[[ Raw data open ]]
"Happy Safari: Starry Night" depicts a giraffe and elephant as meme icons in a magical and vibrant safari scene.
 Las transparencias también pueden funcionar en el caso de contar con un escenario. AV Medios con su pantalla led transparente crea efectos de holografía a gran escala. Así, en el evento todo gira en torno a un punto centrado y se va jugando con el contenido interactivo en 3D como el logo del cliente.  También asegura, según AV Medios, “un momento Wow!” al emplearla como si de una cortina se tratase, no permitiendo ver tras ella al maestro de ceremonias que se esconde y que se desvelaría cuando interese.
[[ Raw data closed ]]
[[ Raw data open ]]
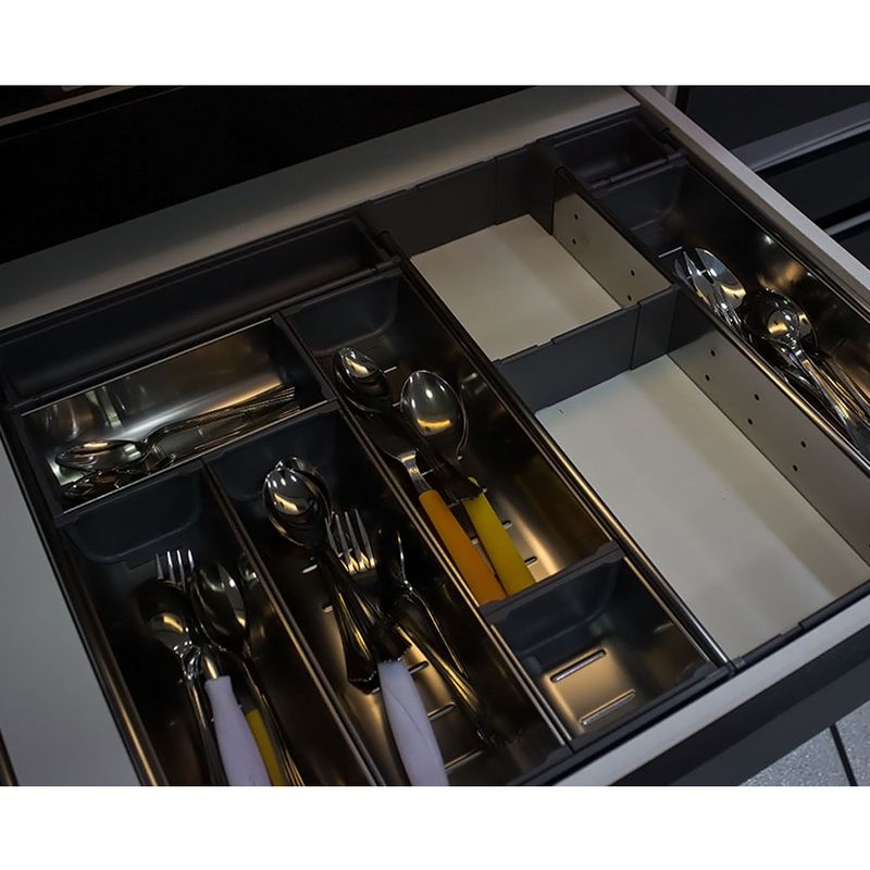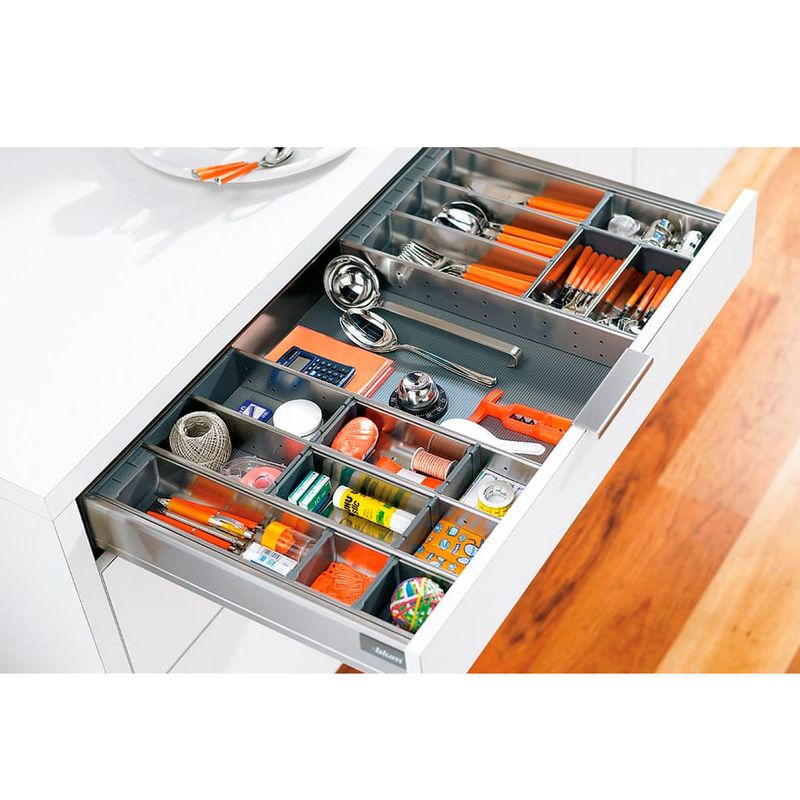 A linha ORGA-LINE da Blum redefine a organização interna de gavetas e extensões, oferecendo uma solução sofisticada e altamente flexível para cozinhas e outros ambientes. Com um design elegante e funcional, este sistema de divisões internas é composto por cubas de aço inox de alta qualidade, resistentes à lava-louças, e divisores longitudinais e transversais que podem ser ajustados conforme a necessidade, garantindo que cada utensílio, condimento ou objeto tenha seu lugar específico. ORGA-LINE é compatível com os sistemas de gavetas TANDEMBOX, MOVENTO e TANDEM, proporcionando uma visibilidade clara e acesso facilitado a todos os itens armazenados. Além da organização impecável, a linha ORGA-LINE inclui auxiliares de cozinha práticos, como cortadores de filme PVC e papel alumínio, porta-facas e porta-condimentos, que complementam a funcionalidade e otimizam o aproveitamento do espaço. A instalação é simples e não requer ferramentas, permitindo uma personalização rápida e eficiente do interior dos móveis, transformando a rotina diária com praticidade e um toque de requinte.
[[ Raw data closed ]]
What to produce
Exactly the lines above from the one with "vibrant safari scene." to the one with "Las transparencias también", both included, are to be quoted; leave the rest out.

Answer to the exercise
"Happy Safari: Starry Night" depicts a giraffe and elephant as meme icons in a magical and vibrant safari scene.
 Las transparencias también pueden funcionar en el caso de contar con un escenario. AV Medios con su pantalla led transparente crea efectos de holografía a gran escala. Así, en el evento todo gira en torno a un punto centrado y se va jugando con el contenido interactivo en 3D como el logo del cliente.  También asegura, según AV Medios, “un momento Wow!” al emplearla como si de una cortina se tratase, no permitiendo ver tras ella al maestro de ceremonias que se esconde y que se desvelaría cuando interese.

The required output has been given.